Monday, August 1, 2011

TWYLA THARP

I just finished reading Twyla Tharp’s autobiography, “Push Comes to Shove.” Tharp is an American dancer and choreographer. She began dancing early in life as a result of having a mother who was a musician, who pushed Twyla into dance. Her mother, who changed the spelling of “Twila” to “Twyla” because it seemed to her a name more suitable for a celebrity, decided from the time her daughter was born that she would become famous. That tells you in a nutshell the origin of the impetus for Tharp to work with an intensity and focus that did lead to her fame in the dance world.


For me the excitement of the book lies not only in Tharp’s determination and hard work to develop her dancing but also in her honesty in looking at how her personal life affected her work and how her work affected her personal life. She drew on her personal life to create dance sequences, and expanded her understanding of herself through her dance.
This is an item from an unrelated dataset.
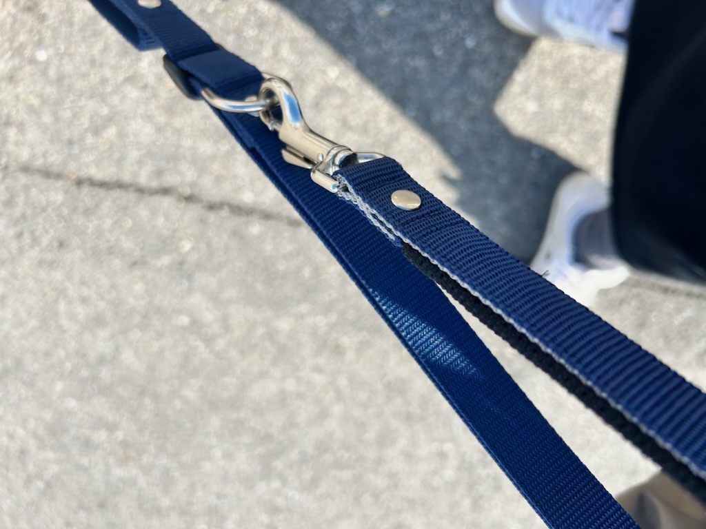 新しく購入したものはネイビーのリードですがシンプルなので服を着せた時にも合わせやすい!♪

It was her life as a parent that took the brunt of her commitment to dance. Tharp admits that her son did not get much parenting except when he was with his friends’ families. When he was eleven years old, he told his mother that he loves her but that she’s weird and he asked to go to boarding school. Tharp was relieved because she could not give him what he needed and still do what she wanted to do in dance. (I think she was a better dancer than mother.)

The final chapter of the book is moving because of the way she ties together an amazing lifetime of work between the covers of a book. I printed out the following sentence and have it lying on my desk, reading it over and over: “How to protect and extend the lessons and beauty of that past without buying our own energies and imagination is the challenge for every artist.”